In dreams, it is possible for places, events and conversations to coalesce under a singular logic. Their settings may have the appearance of one location and yet feel impalpably like another. In our reveries, the order of emotion and memory supersedes that of time and space, and the dreamer like the nostalgic finds herself in many places and none, subject to the detached wistfulness of liminality. By this standard, the pieces in Korean-born Do Ho Suh’s “Passage/s” at Victoria Miro gallery—the most extensive presentation of his work since a 2002 survey exhibition at the Serpentine Gallery—are his most dreamlike yet.
Whether with frottage, as in works from the “Rubbing/Loving Project” series (2012–16), or through architecturally precise fabric models, Suh has long sought to replicate and index his past homes. The contents of the exhibition’s first room were no exception, but employed a new process, and alluded to a fresh conceptual approach suggested in the title “Passage/s.” The pieces there were sewn in the same way as his recognizable fabric sculptures, but using gelatin tissue rather than polyester. The gelatin was then dissolved in water, compressing the form and leaving its tint and flattened lineation fused to paper in a depiction of space that eschews the axonometric projection of architectural drawings.

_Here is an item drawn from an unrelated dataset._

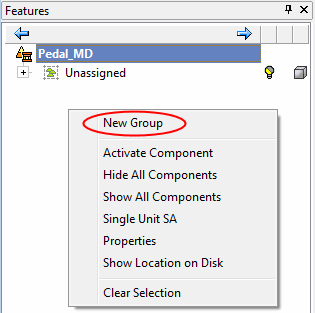 The Main assembly appears in the tree, including the Unassigned group (which currently contains all parts in the assembly). Right-click and select the New Group option.
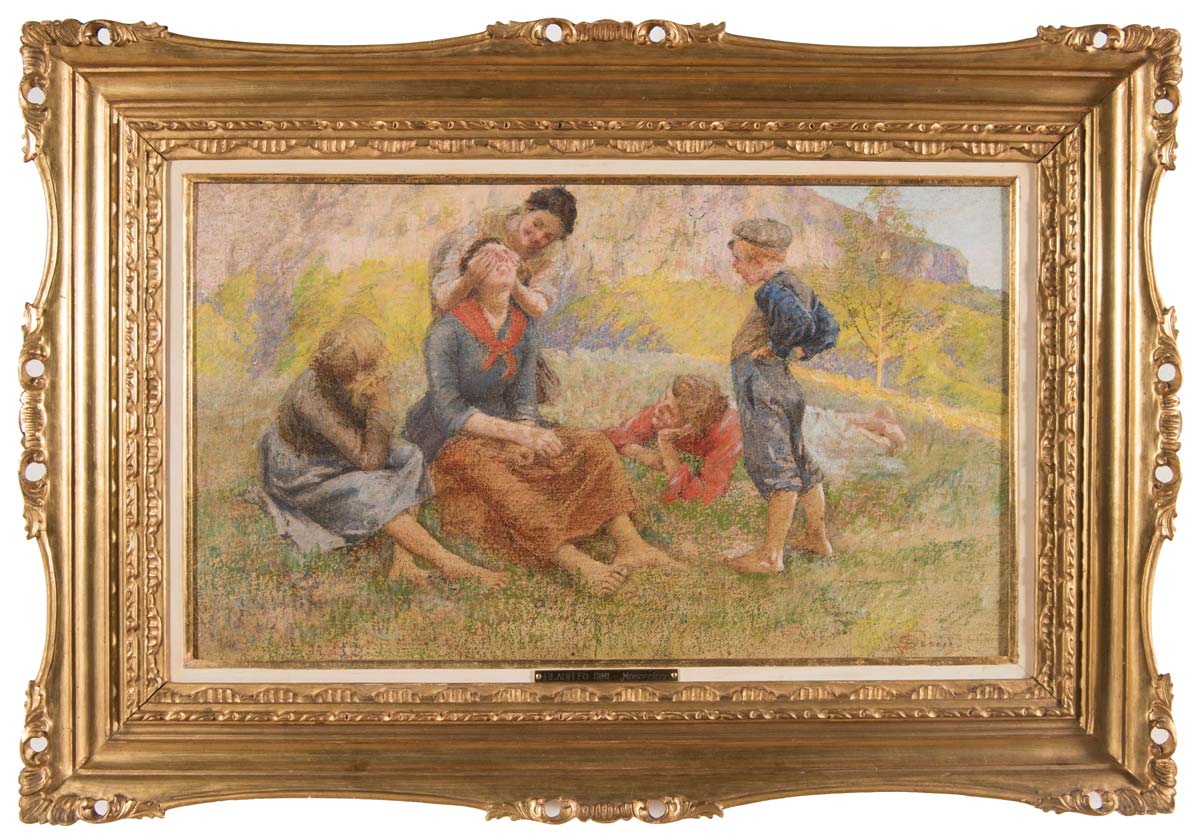 Filadelfo Simi (Levigliani 1849 – Firenze 1923), “Moscacieca”. Olio su tavola di cartone rigido, firmato in basso a destra F Simi, al retro reca titolo e cartiglio ‘Raccolta F.C. - Filadelfo Simi - “Moscacieca” - N.50’, H cm 36x59

All but one of these works represented the facades of buildings and their entrances. The exception, Staircase, Ground Floor, 348 West 22nd Street, New York, NY 10011, USA (2016), offset them. This flattened coquelicot-red staircase, recalling the Tate-owned Staircase-III (2010), occupied more space in its implied three dimensions than the neighboring doorways, and hence would lose more of its form once flattened, heightening the effect of compression and suggesting the destabilizing experience of liminality.

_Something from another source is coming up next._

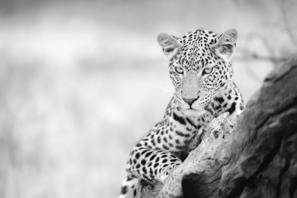 Bella foto in bianco e nero di un leopardo che cerca la sua preda.
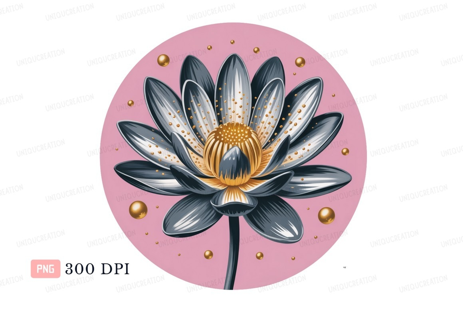 Gray lotus flower gold accents pink background image example image 1

The upstairs gallery was more focused on interior objects. One wall had basins and light bulbs subjected to the same gelatin technique, their subverted likenesses implying dream-creatures: medusal, elephantine, amoebal. Similar items appeared on the opposite side of the room as translucent polyester models. In between, skewed cyanotypes at once recalled blueprints and x-rays. Each group permitted otherwise impossible perspectives of familiar objects, as might a work of analytic cubism.

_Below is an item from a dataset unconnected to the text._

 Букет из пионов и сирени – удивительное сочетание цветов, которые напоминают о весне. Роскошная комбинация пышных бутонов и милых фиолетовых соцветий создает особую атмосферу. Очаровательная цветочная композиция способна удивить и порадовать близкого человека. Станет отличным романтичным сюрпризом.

Next door, a three-channel video installation, Passage/s: The Pram Project (2014–16), projected footage from a GoPro mounted to the stroller of Suh’s daughter, cutting between excursions in Seoul and London, where he has lived since 2010. Here, Suh’s daughter dictates the logic by which space is ordered: she sings Korean songs in London and speaks English in Korea; she enquires about an upcoming trip to Seoul and suddenly we’re there; she provides the gaze through which we approach an Islington shopping center before the film cuts to the interior of its Korean analogue, hinting at a further compression of space as a function of global capital. The “/s” in the film’s title evokes an ambiguous plurality, the dreamlike possibility of being simultaneously in one and many places.
In the “Hubs” series (2015–16), exhibited in Gallery II, Suh’s signature fabric and wire structures made an appearance. However, unlike their forebears, they did not represent places defined by inhabitation, but liminal spaces: entranceways and corridors through which we are meant to pass but never truly be.
Replicated with precision after those in Suh’s various residences, these vividly colored, gossamer passages were conjoined in a walk-through configuration that traversed many implied places but arrived at none. Only the specificity of intricately detailed features—a door handle, light switch or fuse box—cut through the sense of constant transition with one of vicarious nostalgia. They were ghostly indices to someone else’s life, and yet familiar.
This is what makes Do Ho Suh’s art so appealing beyond its aesthetic and technical merit. His reflections on itinerancy are deeply personal, but hint at something shared. The loss of a home, even by choice, does not merely displace us in space. As time passes, we inexorably leave behind those places that have sheltered us, revisiting them only in dreams. In exposing the ceaseless in-betweens engendered by both our movements and by the passage of time, Suh’s work evokes and upholds a maxim: You can never go home again.
Do Ho Suh’s “Passage/s” is on view at Victoria Miro, London, until March 18, 2017.